Input resolution seems to have a big impact on performance
Closed this issue · 11 comments
Hi, I find that the input resolution seems to have a very big impact on the performance.
When I keep the input shape unchanged, e.g. 640 x 480, everything seems fine, I can reproduce the metrics claimed in the paper on NYU test set.
However, when I change the input resolution, e.g. resize every image to 384 x 288, the RMSE and other metric show a notable drop。 The RMSE drops from 0.33 to 0.95. Why does this happen? Requiring the same resolution as training in inference stage
seems unreasonable.
Thanks
There may be many reasons. One obvious reason is that the intrinsics of the camera are changed when you resize the images, but the network works on the intrinsics as that in the training.
@weihaosky Your explanation sounds make sense. That is to say, the model that predicts the absolute depth can only be trained on images collected with cameras that has the same intrinsics? This seems to be a big limit. In your opinion, is there any good way to generalize the model to images captured with other cameras?

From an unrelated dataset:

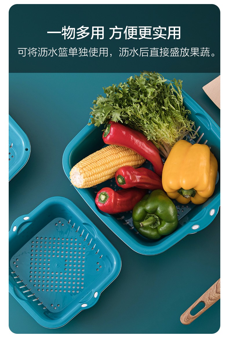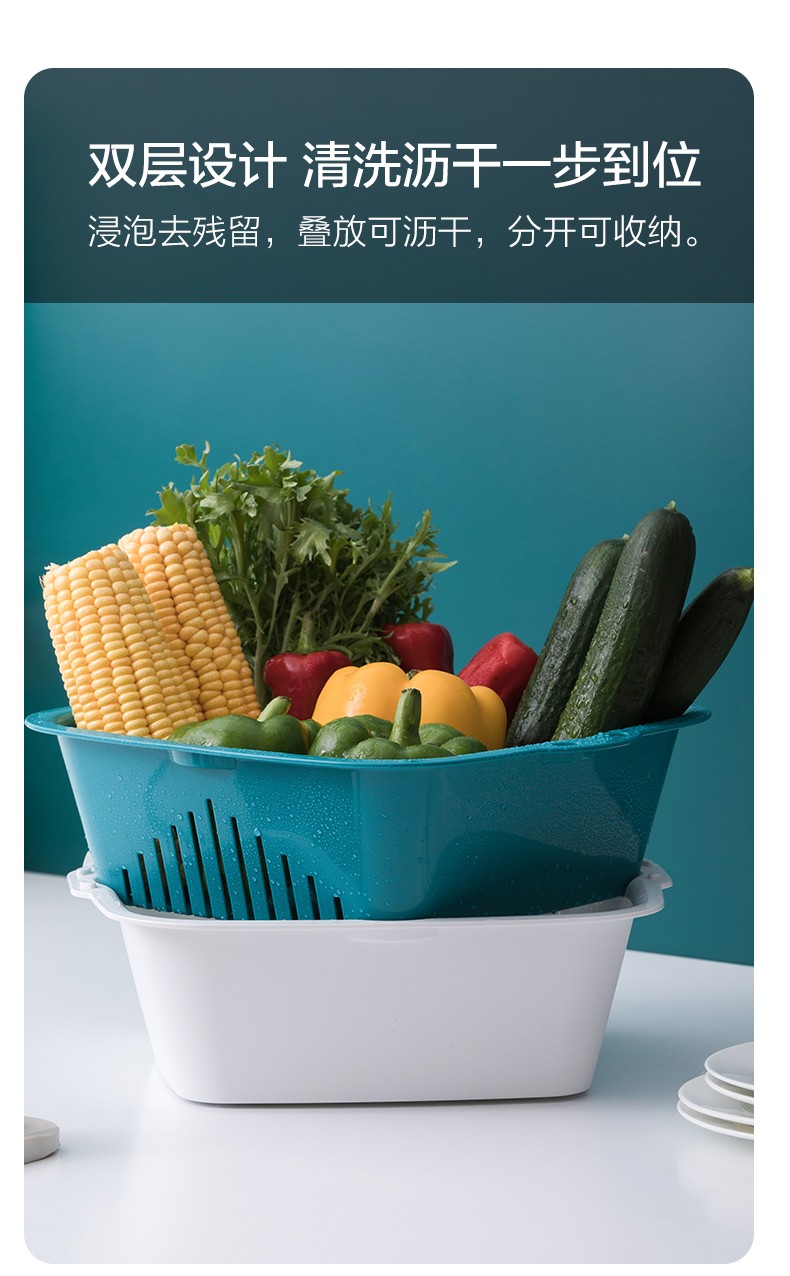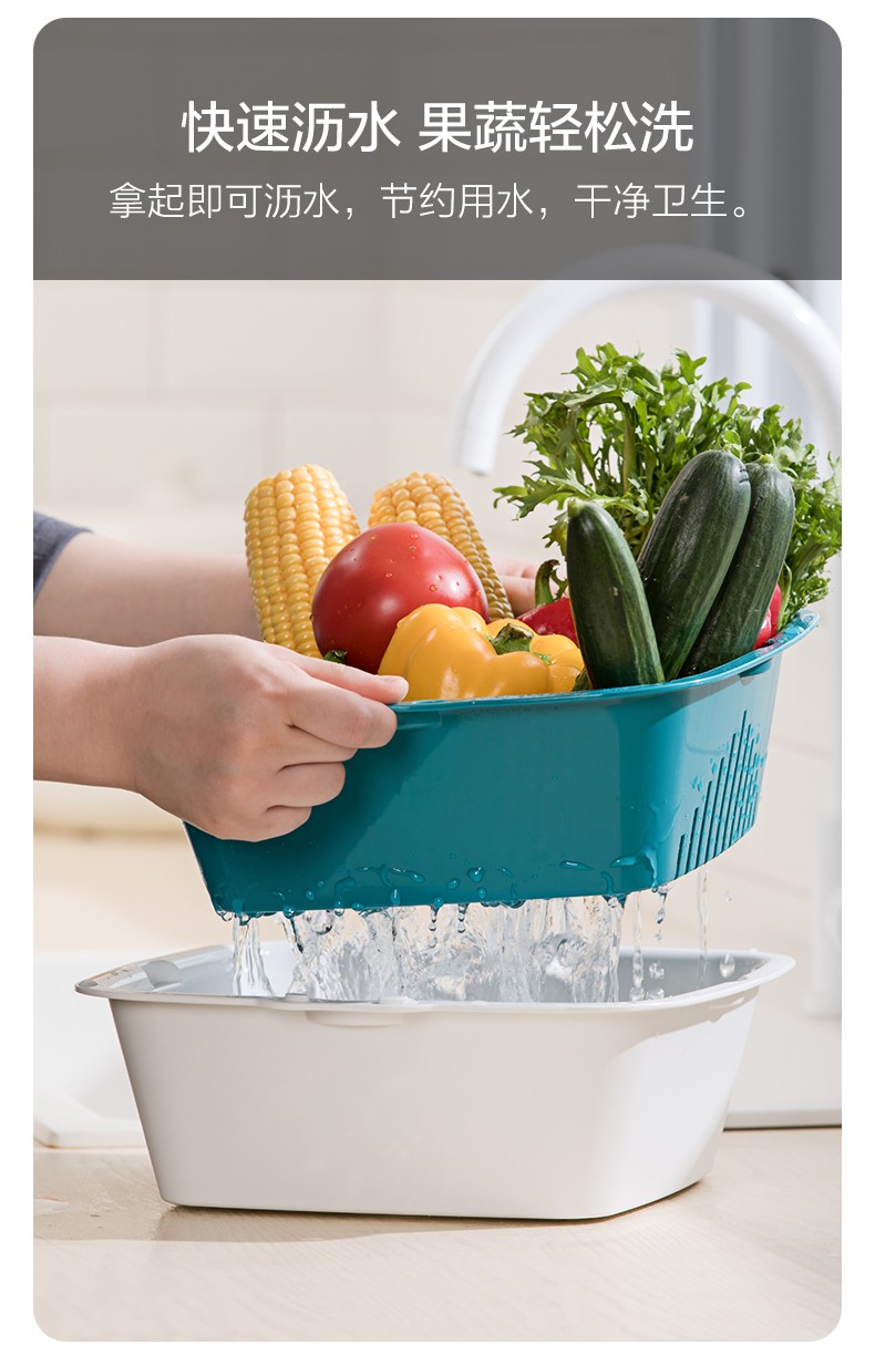 茶花(CHAHUA) 茶花洗菜盆时尚滤水筛两用果蔬沥水筛沥水篮滤水筐水果盘随机色 蓝色 大中小号组合装共3个

You can transform the intrinsics to make it the same as the cameras in training, as in demo.py
@weihaosky @Tord-Zhang I have the same question. I tried reading the demo.py but I am confused about where exactly I should make changes in eval.py/ train.py/ test.py if I want to train and evaluate on my own dataset. Also there is a variable called 'focal' in dataloader set to 518.8579. Could you please explain where exactly it is used? -- I might have missed it but could not find where exactly it is being used. Any help of this would be greatly appreciated. Thanks a lot!
Kalyani
It seems like the focal value from the NYU intrinsic parameters were used in the KITTI Dataloader, is this correct? Why is this the case? Maybe I have overlooked something.
NYU camera intrinsic values shown in BTS:
https://github.com/cleinc/bts/blob/dd62221bc50ff3cbe4559a832c94776830247e2e/pytorch/bts_live_3d.py#L87
NYU camera intrinsics in KITTI dataloader:
It seems like the focal value from the NYU intrinsic parameters were used in the KITTI Dataloader, is this correct? Why is this the case? Maybe I have overlooked something.
NYU camera intrinsic values shown in BTS: https://github.com/cleinc/bts/blob/dd62221bc50ff3cbe4559a832c94776830247e2e/pytorch/bts_live_3d.py#L87
NYU camera intrinsics in KITTI dataloader:
This parameter is not used
Ok thank you for the clarification! How does the network predict metric depths without the focal parameter? Or is the focal information loaded and used somewhere else?
Thank you for the quick response!
Ok thank you for the clarification! How does the network predict metric depths without the focal parameter? Or is the focal information loaded and used somewhere else?
Thank you for the quick response!
The focal parameter for one training dataset is the same, so there is no need to input the focal parameter.
As far as I see, the parameters are slightly different across the KITTI dataset, for the test they are all the same: 721.5377
https://github.com/aliyun/NeWCRFs/blob/d327bf7ca8fb43959734bb02ddc7b56cf283c8d9/data_splits/eigen_test_files_with_gt.txt
But the train images have slightly different focal parameters
https://github.com/aliyun/NeWCRFs/blob/d327bf7ca8fb43959734bb02ddc7b56cf283c8d9/data_splits/eigen_train_files_with_gt.txt
Networks could handle this small difference.
Yes, that makes sense.